The span to repeat in the listing below runs from the line containing "近日,兴安盟人民医院乳腺甲状" to the line containing "HIGHLY UPGRADED SINGLE-LEVEL", inclusive. Repeat it exactly, and only it.
──────── Data provided
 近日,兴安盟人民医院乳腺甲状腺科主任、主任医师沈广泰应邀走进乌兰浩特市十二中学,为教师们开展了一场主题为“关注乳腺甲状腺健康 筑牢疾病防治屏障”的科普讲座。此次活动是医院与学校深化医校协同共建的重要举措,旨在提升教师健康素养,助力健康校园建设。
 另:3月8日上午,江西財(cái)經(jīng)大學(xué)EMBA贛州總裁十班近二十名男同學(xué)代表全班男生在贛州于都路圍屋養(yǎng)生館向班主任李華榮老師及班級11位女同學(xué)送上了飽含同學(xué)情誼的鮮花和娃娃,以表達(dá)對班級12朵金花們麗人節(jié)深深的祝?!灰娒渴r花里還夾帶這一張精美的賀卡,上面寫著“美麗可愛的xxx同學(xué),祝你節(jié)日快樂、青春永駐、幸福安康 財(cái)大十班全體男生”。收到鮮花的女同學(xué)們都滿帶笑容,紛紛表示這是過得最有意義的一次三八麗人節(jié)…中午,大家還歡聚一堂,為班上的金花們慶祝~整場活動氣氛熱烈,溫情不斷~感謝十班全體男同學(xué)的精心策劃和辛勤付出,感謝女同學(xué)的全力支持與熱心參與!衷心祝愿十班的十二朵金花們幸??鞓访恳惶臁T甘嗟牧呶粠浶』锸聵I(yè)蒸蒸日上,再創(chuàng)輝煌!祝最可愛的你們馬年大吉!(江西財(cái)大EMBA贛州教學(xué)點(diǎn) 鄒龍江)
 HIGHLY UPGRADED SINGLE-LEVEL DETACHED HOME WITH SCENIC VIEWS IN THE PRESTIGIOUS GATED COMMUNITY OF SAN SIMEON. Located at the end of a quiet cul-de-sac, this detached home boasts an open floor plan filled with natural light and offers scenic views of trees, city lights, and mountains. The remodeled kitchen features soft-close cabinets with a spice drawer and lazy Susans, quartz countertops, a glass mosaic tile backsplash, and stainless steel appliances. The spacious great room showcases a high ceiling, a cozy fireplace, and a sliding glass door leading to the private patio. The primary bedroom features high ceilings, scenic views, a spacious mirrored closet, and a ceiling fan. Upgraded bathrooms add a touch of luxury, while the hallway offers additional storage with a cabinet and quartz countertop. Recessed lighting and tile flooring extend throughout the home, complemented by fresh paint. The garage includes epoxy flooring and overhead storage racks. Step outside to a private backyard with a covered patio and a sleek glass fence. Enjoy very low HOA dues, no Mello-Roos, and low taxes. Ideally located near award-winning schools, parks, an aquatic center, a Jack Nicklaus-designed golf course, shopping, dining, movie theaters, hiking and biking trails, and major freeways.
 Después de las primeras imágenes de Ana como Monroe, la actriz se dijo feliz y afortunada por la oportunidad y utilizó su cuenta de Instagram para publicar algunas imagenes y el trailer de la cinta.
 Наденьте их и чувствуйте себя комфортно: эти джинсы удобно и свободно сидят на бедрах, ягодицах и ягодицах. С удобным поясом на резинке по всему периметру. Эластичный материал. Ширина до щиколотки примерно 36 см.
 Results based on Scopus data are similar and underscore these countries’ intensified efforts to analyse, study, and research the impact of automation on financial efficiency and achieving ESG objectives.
────────────────
──────── Data provided
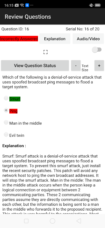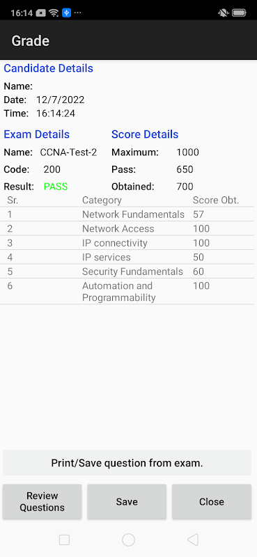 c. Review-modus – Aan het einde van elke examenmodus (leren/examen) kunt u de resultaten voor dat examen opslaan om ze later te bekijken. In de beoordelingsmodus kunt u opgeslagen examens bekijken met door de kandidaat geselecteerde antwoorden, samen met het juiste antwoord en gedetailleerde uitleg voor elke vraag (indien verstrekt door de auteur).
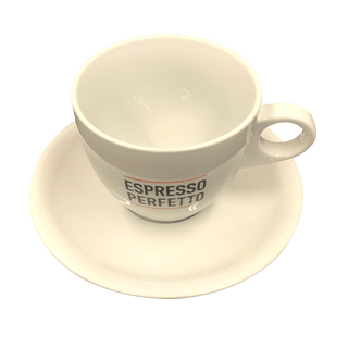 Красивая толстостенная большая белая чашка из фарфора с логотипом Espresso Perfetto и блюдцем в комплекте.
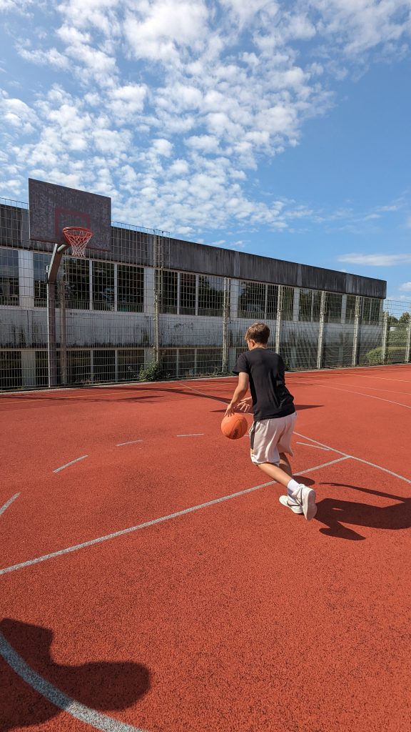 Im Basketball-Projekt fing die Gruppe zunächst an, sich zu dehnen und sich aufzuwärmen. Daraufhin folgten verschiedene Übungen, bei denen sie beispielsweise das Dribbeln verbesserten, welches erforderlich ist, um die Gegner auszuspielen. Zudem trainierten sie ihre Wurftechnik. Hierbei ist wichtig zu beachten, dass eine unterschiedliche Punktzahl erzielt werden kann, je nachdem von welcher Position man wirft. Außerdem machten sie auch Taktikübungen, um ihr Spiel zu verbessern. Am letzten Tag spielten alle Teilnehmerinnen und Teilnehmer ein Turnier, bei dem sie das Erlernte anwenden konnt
────────────────
> [Exercise solution]:
 近日,兴安盟人民医院乳腺甲状腺科主任、主任医师沈广泰应邀走进乌兰浩特市十二中学,为教师们开展了一场主题为“关注乳腺甲状腺健康 筑牢疾病防治屏障”的科普讲座。此次活动是医院与学校深化医校协同共建的重要举措,旨在提升教师健康素养,助力健康校园建设。
 另:3月8日上午,江西財(cái)經(jīng)大學(xué)EMBA贛州總裁十班近二十名男同學(xué)代表全班男生在贛州于都路圍屋養(yǎng)生館向班主任李華榮老師及班級11位女同學(xué)送上了飽含同學(xué)情誼的鮮花和娃娃,以表達(dá)對班級12朵金花們麗人節(jié)深深的祝?!灰娒渴r花里還夾帶這一張精美的賀卡,上面寫著“美麗可愛的xxx同學(xué),祝你節(jié)日快樂、青春永駐、幸福安康 財(cái)大十班全體男生”。收到鮮花的女同學(xué)們都滿帶笑容,紛紛表示這是過得最有意義的一次三八麗人節(jié)…中午,大家還歡聚一堂,為班上的金花們慶祝~整場活動氣氛熱烈,溫情不斷~感謝十班全體男同學(xué)的精心策劃和辛勤付出,感謝女同學(xué)的全力支持與熱心參與!衷心祝愿十班的十二朵金花們幸??鞓访恳惶臁T甘嗟牧呶粠浶』锸聵I(yè)蒸蒸日上,再創(chuàng)輝煌!祝最可愛的你們馬年大吉!(江西財(cái)大EMBA贛州教學(xué)點(diǎn) 鄒龍江)
 HIGHLY UPGRADED SINGLE-LEVEL DETACHED HOME WITH SCENIC VIEWS IN THE PRESTIGIOUS GATED COMMUNITY OF SAN SIMEON. Located at the end of a quiet cul-de-sac, this detached home boasts an open floor plan filled with natural light and offers scenic views of trees, city lights, and mountains. The remodeled kitchen features soft-close cabinets with a spice drawer and lazy Susans, quartz countertops, a glass mosaic tile backsplash, and stainless steel appliances. The spacious great room showcases a high ceiling, a cozy fireplace, and a sliding glass door leading to the private patio. The primary bedroom features high ceilings, scenic views, a spacious mirrored closet, and a ceiling fan. Upgraded bathrooms add a touch of luxury, while the hallway offers additional storage with a cabinet and quartz countertop. Recessed lighting and tile flooring extend throughout the home, complemented by fresh paint. The garage includes epoxy flooring and overhead storage racks. Step outside to a private backyard with a covered patio and a sleek glass fence. Enjoy very low HOA dues, no Mello-Roos, and low taxes. Ideally located near award-winning schools, parks, an aquatic center, a Jack Nicklaus-designed golf course, shopping, dining, movie theaters, hiking and biking trails, and major freeways.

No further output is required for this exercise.